• WHAT YOU ARE ASKED TO DO
What you return must be the lines from the first one below through the one containing "Vintage 9ct Gold", exactly and with pictures excluded.

• DATA TO PROCESS
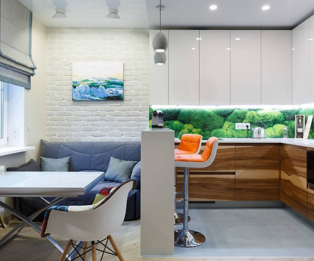 - Если комната маленькая, то и рисунок не должен быть крупным. В противном случае он будет привлекать слишком много внимания и зрительно уменьшать пространство. Можно быть пейзаж или повторяющийся орнамент — так небольшие кухни даже эконом класса будут выглядеть просторнее.
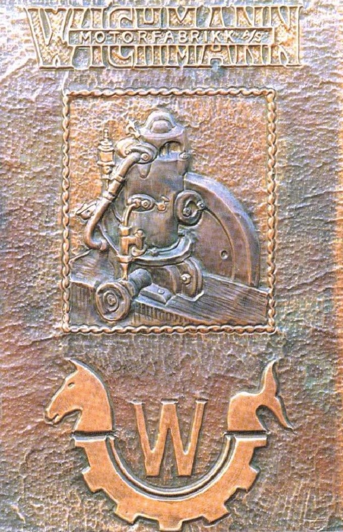 | Den første Wichmann-motoren blev innstalert i båt som fremdriftsmotor i 1903. Motoren blev konstruert og bygget på Rubbestadneset i Sunhordland av sønnene til Martinus Haldorsen, Haldor, Lars og Benjamin. Motor fabrikasjonen startet opp i en kjeller langt oppe på land. Den første motoren var en en-cylindret motor på 2 Hk, som i dag står på Teknisk Museum i Oslo. Bilde av kobberstikket viser motoren. |
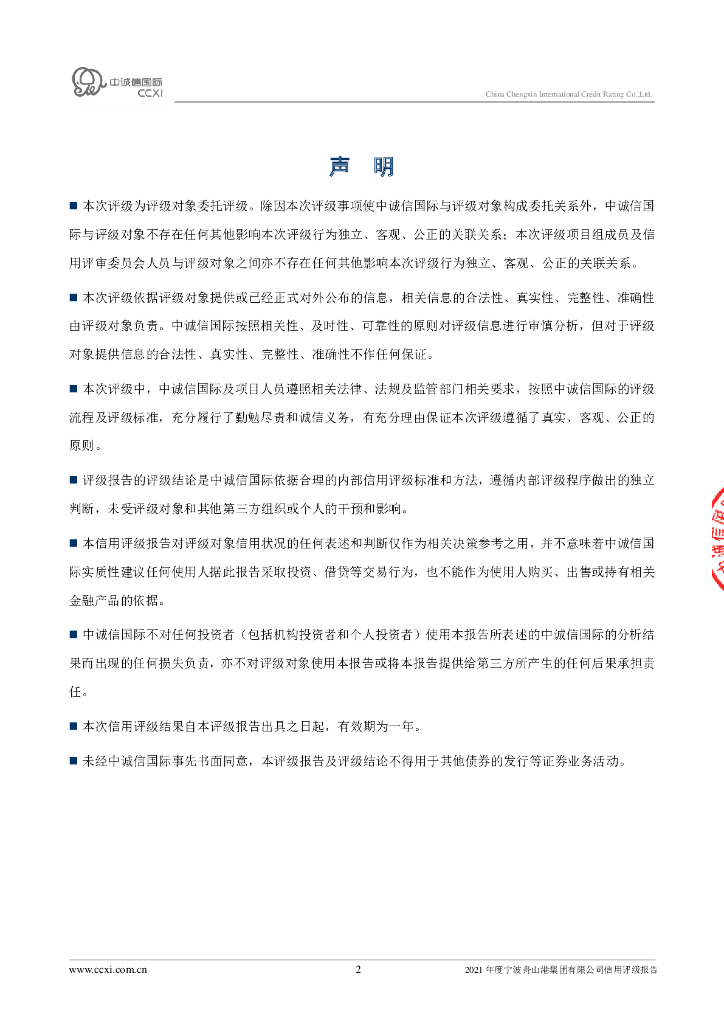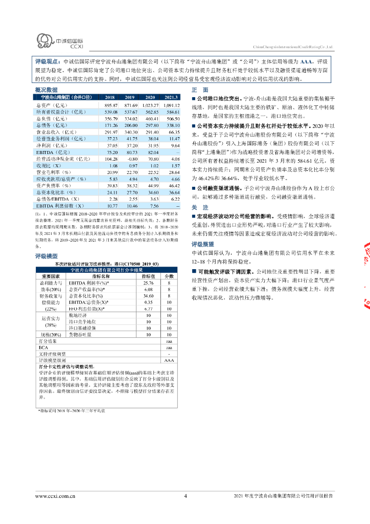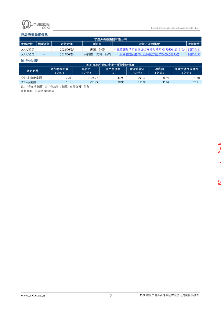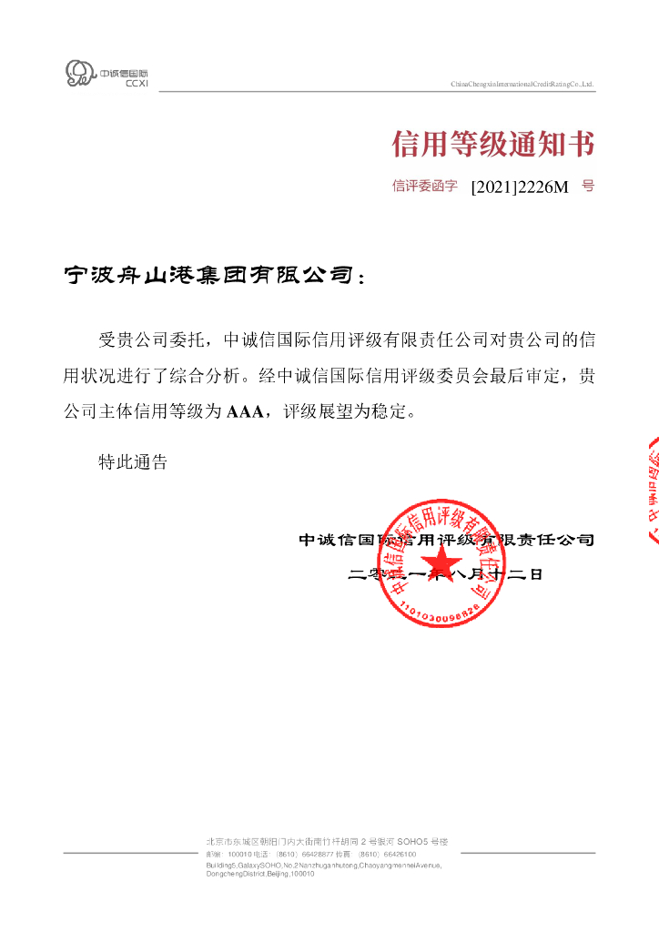 中诚信:宁波舟山港集团有限公司2021年度信用评级报告.pdf
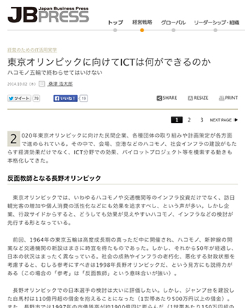 「東京オリンピックに向けてICTは何ができるのか ハコモノ五輪で終わらせてはいけない」という記事がJBpressに掲載されています。
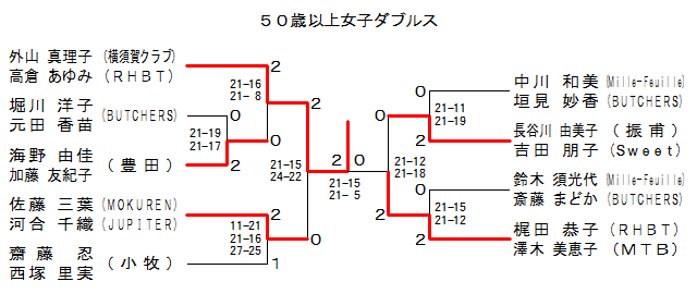 | 50WD-5 | RHBT・MTB | 梶田 恭子・澤木 美恵子 | 2 | 21-15 21-12 | 0 | 鈴木 須光代・斎藤 まどか | Mille-Feuille・BUTCHERS | |
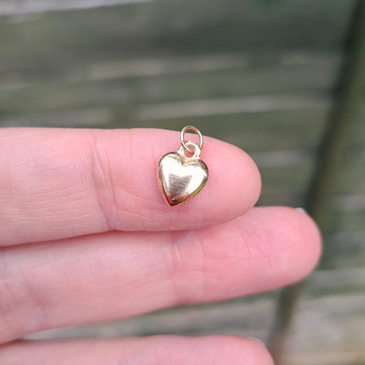 Vintage 9ct Gold Mini Plain Puffy Heart Charm, 9mm
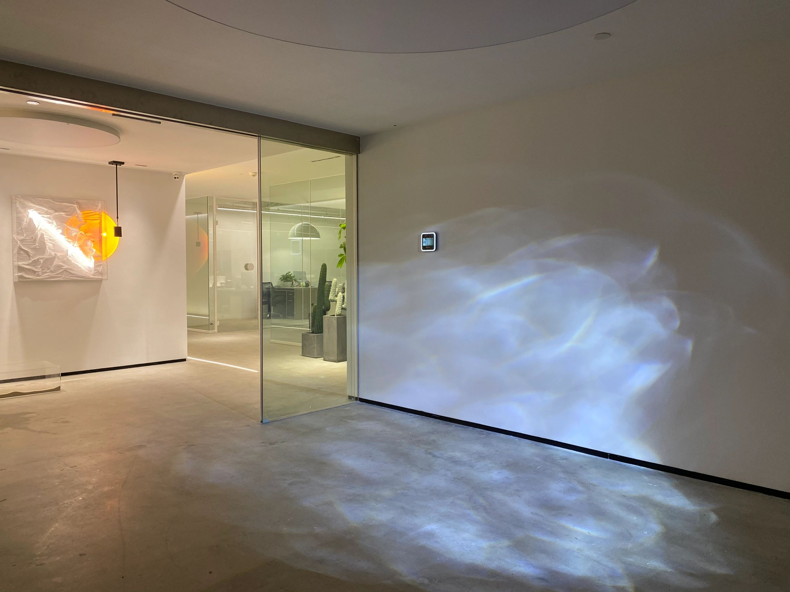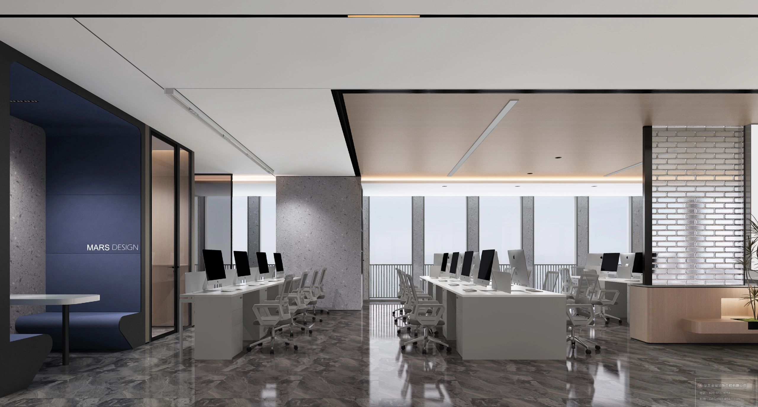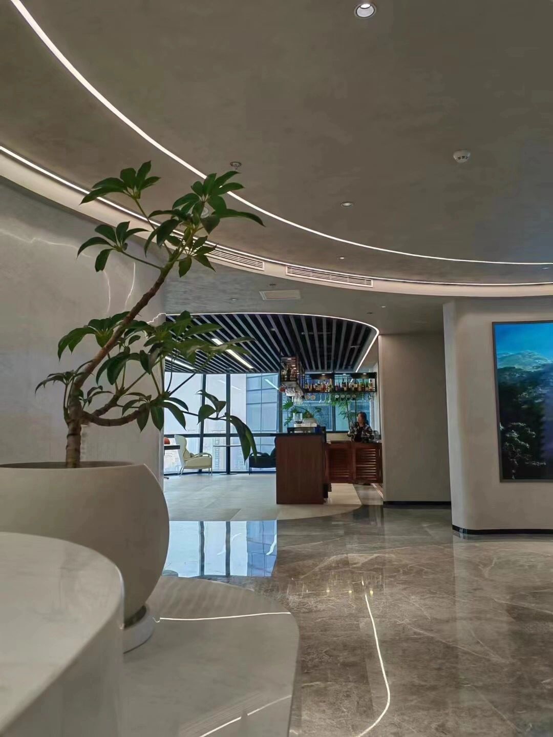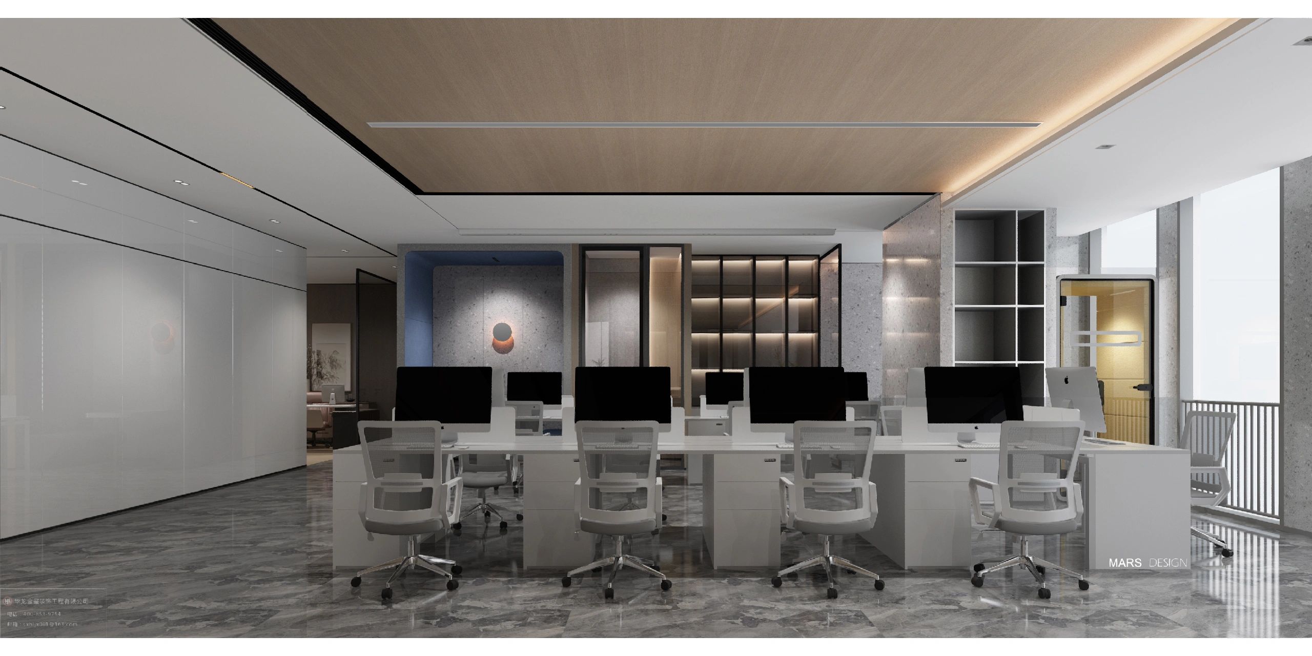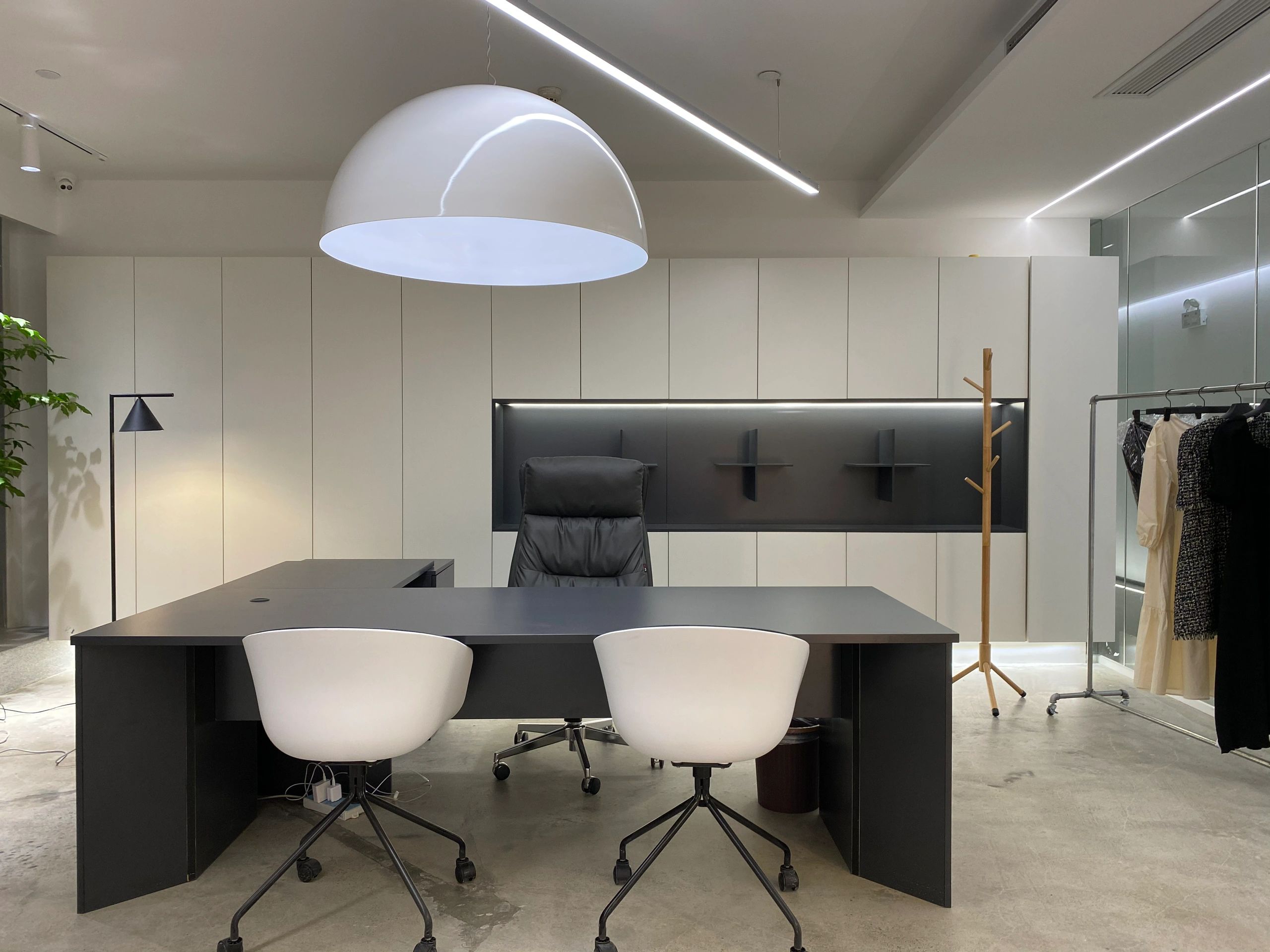 传统的办公室布局模式被打破,取而代之的是一个开放式、超前风格与艺术气息的空间环境,直线的刻板印象被曲线的流动感所替代。设计师希望以此建立办公场所与人们之间的新连接。并借助装置艺术的特性与空间留白,圆形符号自然形成的聚离,以及曲线的延展性,创造一个灵动的、充满想象力的空间。
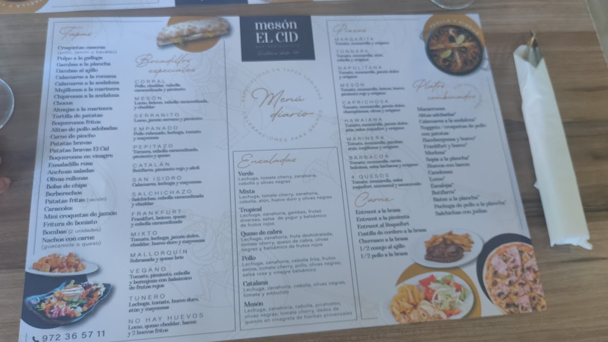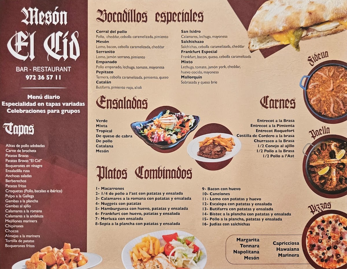 Welcome to Mesón El Cid, a culinary gem nestled in the heart of Lloret de Mar, Girona. Our menu is a celebration of fresh, robust flavors designed to delight every palate. With plates that honor quality ingredients, you'll find everything from vibrant salads to expertly crafted main dishes.
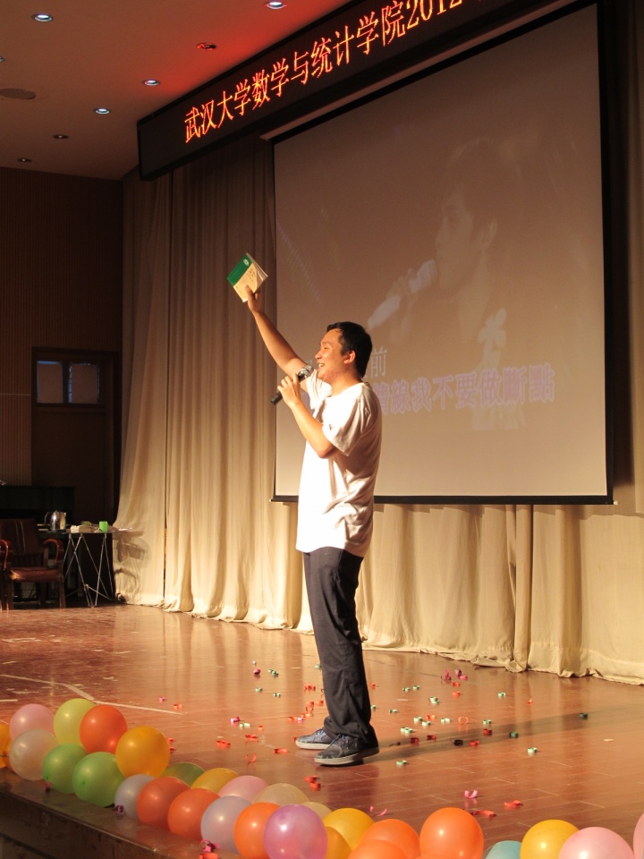 在本科生数类二班杨宁同学的《Never Say Never》、研究生应用数学班徐国茂、胡鹏的《兄弟》等精彩表演之后迎来了本次联欢会的第一个高潮——一直倍受新生期待的数院学生会大主席李绎楠终于一展歌喉,送上了歌曲《断点》。之后的中场休息是抢凳子游戏,老师、同学以及到场的教官们都踊跃参加,主办方还带来了神秘礼品。

• RESPONSE AREA
 - Если комната маленькая, то и рисунок не должен быть крупным. В противном случае он будет привлекать слишком много внимания и зрительно уменьшать пространство. Можно быть пейзаж или повторяющийся орнамент — так небольшие кухни даже эконом класса будут выглядеть просторнее.
 | Den første Wichmann-motoren blev innstalert i båt som fremdriftsmotor i 1903. Motoren blev konstruert og bygget på Rubbestadneset i Sunhordland av sønnene til Martinus Haldorsen, Haldor, Lars og Benjamin. Motor fabrikasjonen startet opp i en kjeller langt oppe på land. Den første motoren var en en-cylindret motor på 2 Hk, som i dag står på Teknisk Museum i Oslo. Bilde av kobberstikket viser motoren. |
 中诚信:宁波舟山港集团有限公司2021年度信用评级报告.pdf
 「東京オリンピックに向けてICTは何ができるのか ハコモノ五輪で終わらせてはいけない」という記事がJBpressに掲載されています。
 | 50WD-5 | RHBT・MTB | 梶田 恭子・澤木 美恵子 | 2 | 21-15 21-12 | 0 | 鈴木 須光代・斎藤 まどか | Mille-Feuille・BUTCHERS | |
 Vintage 9ct Gold Mini Plain Puffy Heart Charm, 9mm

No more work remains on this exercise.